In addition to the diverse types of information to be considered in evaluating the trendiness, the present teaching also discloses to collect relevant information for evaluating trendiness of a term from not only a website that provides trending terms but also from different sources on the general online environment where such relevant information is available. That is, such relevant information may be collected from different platforms, different websites, and different applications so that the information that is used to evaluate the trendiness of the term represents accurately the trendiness of the term based on the population instead of designated users of a website. Such relevant information may be obtained via available information provided by different sources or made available by third party information dealers. FIG. 3B illustrates exemplary types of sources of search logs that may be explored for trending term detection, in accordance with an embodiment of the present teaching. As shown, search logs may be generated by different online sources such as content portals, social media platforms, . . . , and search engines. This may be important as users on different online sources may exhibit different interests at different times so that the trendiness of terms evaluated based on a broader understanding of the current interests of the general population may be more accurate.

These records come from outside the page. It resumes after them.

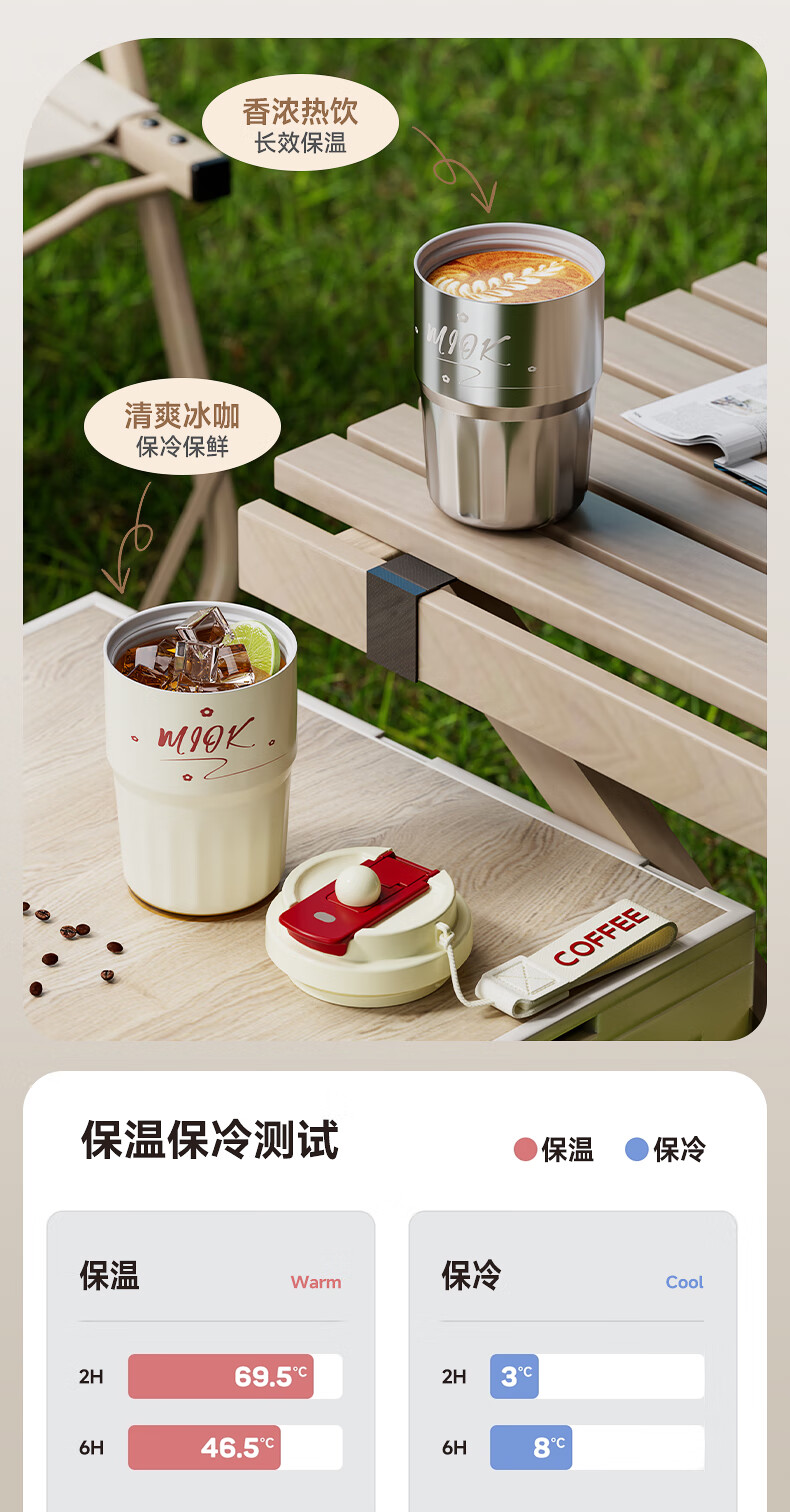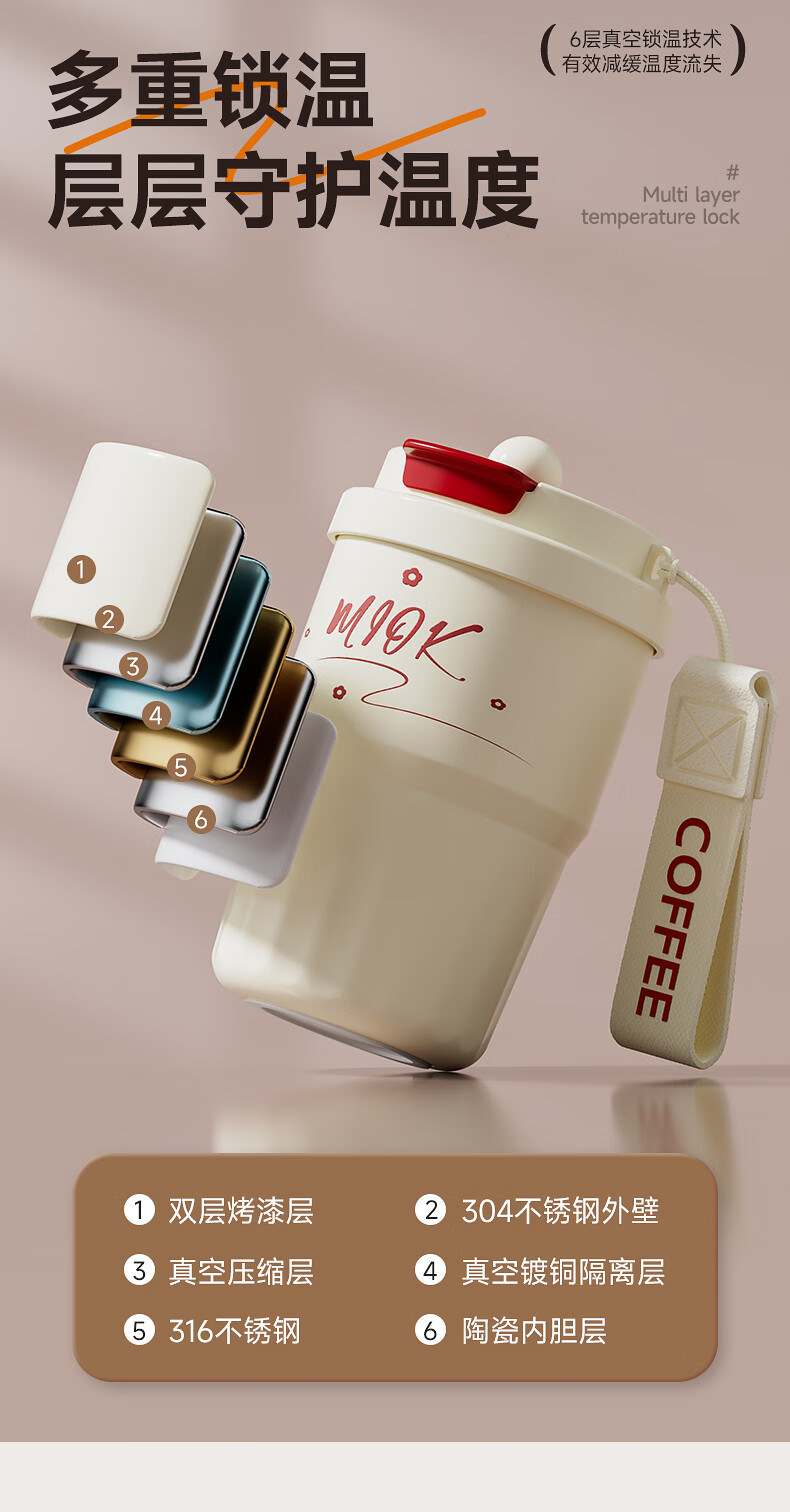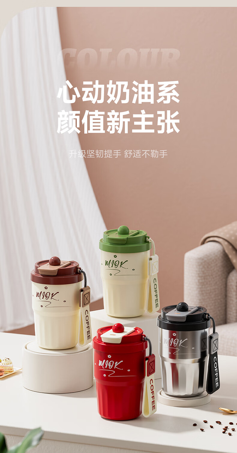 MIOK保温杯女士咖啡杯316不锈钢陶瓷内胆水杯高颜值学生便携随行杯子 清新绿 360ml 【陶瓷内胆+提绳】
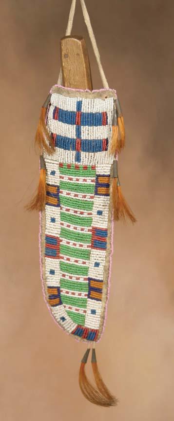 Cheyenne Beaded Knife Sheath. 10 ½" x 3" plus drops, 10 ½" knife. Nine tin cone & horsehair drops. G. Russell & Co., Green River Works knife. 19th century. (est $1,500-2,500). For condition reports please visit: www.auctioninsantafe.com/cr2011.pdf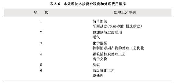 ?        不同水處理工藝按其復雜程度和處理費用的定性排序如表8.6所示,次序越高,工藝或 運營越復雜。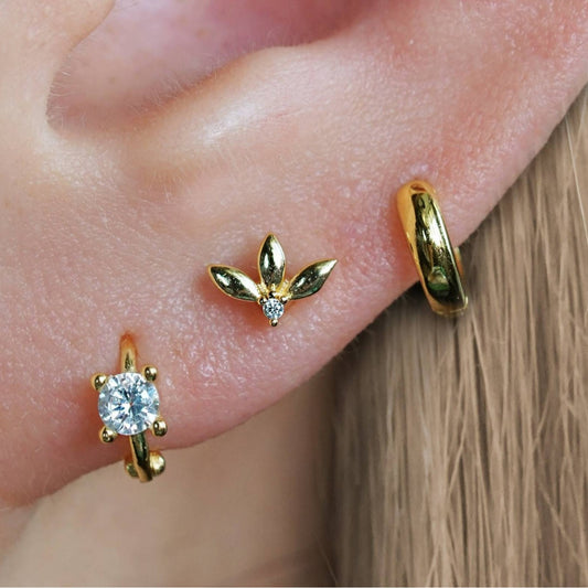 Three Leaves Zircon Gold Vermeil Nap Earring
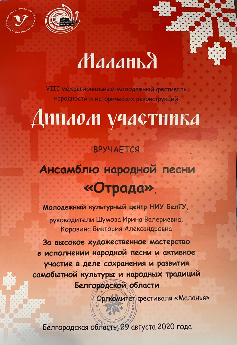 По традиции местом проведения фестиваля стало село Кострома Прохоровского района Белгородской области. Ансамбль народной песни «Отрада» является постоянным участником культурного мероприятия. Коллектив порадовал зрителей песней «Четыре двора». Руководитель народного коллектива Виктория Коровина отметила, что в свете последних событий и ограничений, вызванных распространением коронавируса, артисты собрались впервые за долгое время.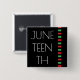 A Juneteenth celebration button. The button is red, black, and green with the background in black with white letters.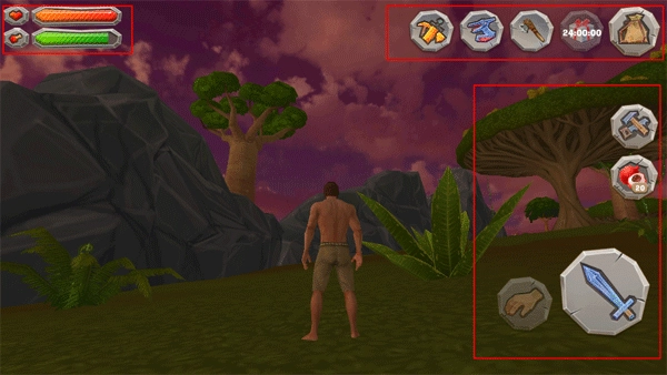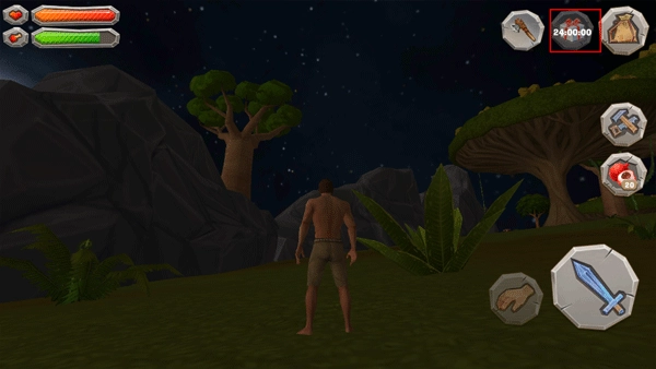 当画面背景透出几分血腥感,同时点缀着几滴透明的水滴状图案时,这意味着你的身体正发出极度缺水的信号——再不去补充水分,就真的要陷入脱水危机了!赶紧去喝些水吧;要是选择吃水果,虽然也能缓解,但补充的水量只够支撑你移动短短几步。而当血腥背景旁出现一个胃袋的图形时,则代表着饥饿感的来袭。不过其实不用太纠结这些提示,只要留意界面右下角分别代表水分和饱腹度的水滴与肉块图标,就能清楚掌握身体的状态啦!

Similarly, content associated with the topic(s) represented by a term to be evaluated for trendiness may be collected from different sources. FIG. 4A illustrates exemplary content sources for content consumed by users that may be explored for trending term evaluation, in accordance with an embodiment of the present teaching. In this illustrated embodiment, content sources from where content of some topics (related to the term) may include public sources, semi-public sources, or even private sources. Public sources may include content made available from different content portals as well as content publicly accessible on different websites. Semi-private sources may include, e.g., different social media platforms, membership based online groups (e.g., various online professional or interest groups), . . . , or chat rooms. In such semi-private sources, users may not only access online articles but also create content directed to discussions, analysis, reviews, etc. and may be relevant to the evaluation of the trendiness of certain topics represented by terms. In general, a party (website, platform, etc.) that is engaged in trending term evaluation may include itself as a source of content including different parts of the operation. For example, a website such as the one illustrated in FIG. 2A has multiple sections operating on the same website and operates to provide a trending term list (TN). Given that, content associated with or accessible via all sections (e.g., Stream section, NTK section, and News section) on topics represented by different terms being evaluated may also be used for trendiness evaluation.

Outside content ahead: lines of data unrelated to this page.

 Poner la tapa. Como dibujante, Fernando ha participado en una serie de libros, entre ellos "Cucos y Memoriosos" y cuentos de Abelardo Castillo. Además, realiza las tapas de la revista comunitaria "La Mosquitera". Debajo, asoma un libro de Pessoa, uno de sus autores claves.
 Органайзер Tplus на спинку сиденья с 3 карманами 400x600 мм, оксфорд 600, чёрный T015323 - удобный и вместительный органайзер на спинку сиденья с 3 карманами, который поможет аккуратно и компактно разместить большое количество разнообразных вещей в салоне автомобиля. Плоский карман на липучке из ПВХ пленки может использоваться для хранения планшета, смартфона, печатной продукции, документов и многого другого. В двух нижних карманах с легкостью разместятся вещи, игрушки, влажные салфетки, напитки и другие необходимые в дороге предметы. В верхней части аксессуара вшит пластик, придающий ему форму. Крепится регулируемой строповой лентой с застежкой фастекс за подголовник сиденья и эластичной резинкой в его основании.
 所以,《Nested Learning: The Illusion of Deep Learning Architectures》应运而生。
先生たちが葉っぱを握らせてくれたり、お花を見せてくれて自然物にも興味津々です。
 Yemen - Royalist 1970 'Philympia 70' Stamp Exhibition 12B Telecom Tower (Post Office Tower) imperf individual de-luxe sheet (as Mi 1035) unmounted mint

In addition, information from private sources such as email and messages in short message services (SMS) may also reflect the level of interests/focus of users on certain topics. For instance, a service provider may offer services to users in electronic emails so that certain information created by the users on certain topics may also be indicative of the users' interests/focus on such topics and may be considered in evaluating the trendiness of certain terms associated with such topics. Although privacy may come into play when using such information from semi-private and private sources, information may be analyzed as a collective without using any private information of the users participated in creating the relevant content in their communications with others. Content collected from public, semi-private, and private sources may capture a more accurate picture as to what users are interested in a particular period to improve the quality of trendiness evaluation.

As discussed herein, the trendiness evaluation with respect to a term according to the present teaching may also be based on information on engagement of users on content relevant to the term. FIG. 4B shows exemplary types of engagement metrics that may be explored in trending term evaluation, in accordance with an embodiment of the present teaching. As discussed with respect to FIG. 3A, engagement measures may include CTR, CVR, and dwell time and they may be computed with respect to content on relevant topics represented by terms that are being evaluated for trendiness. Some of the measures may be developed based on, e.g., trending terms that are identified. For instance, clicks on trending terms displayed on a webpage may be monitored and such clicks may represent the engagement of users on the trending term. In some situations, such engagement measures may be determined by different parties, including the parties that facilitate the users to access such content or third-party information providers.

The engagement measures may be obtained with respect to user activities exhibited on any section or module on relevant websites or social media platforms. As illustrated in FIG. 2A, there may be different sections on a webpage (“Trending Now” section, “Stream” section, “News” section) and some of them may exhibit items associated with the same term. According to the present teaching, engagement exhibited in any of these webpage modules may be recognized and utilized to estimate the trendiness of the term. In addition, engagement measures may also be obtained based on communications/activities observed external to the webpage where a term is considered. For instance, data indicative of user activities on content associated with a term in other settings, such as semi-private or private channels (not shown in FIG. 4B) may be used to measure engagement with the term. User engagement on content of certain topics may be measured based on, e.g., the frequency of sharing activity (e.g., forwarding an article of a certain topic to a friend) and/or volume of thumbs up from users when an article is posted in a social media group.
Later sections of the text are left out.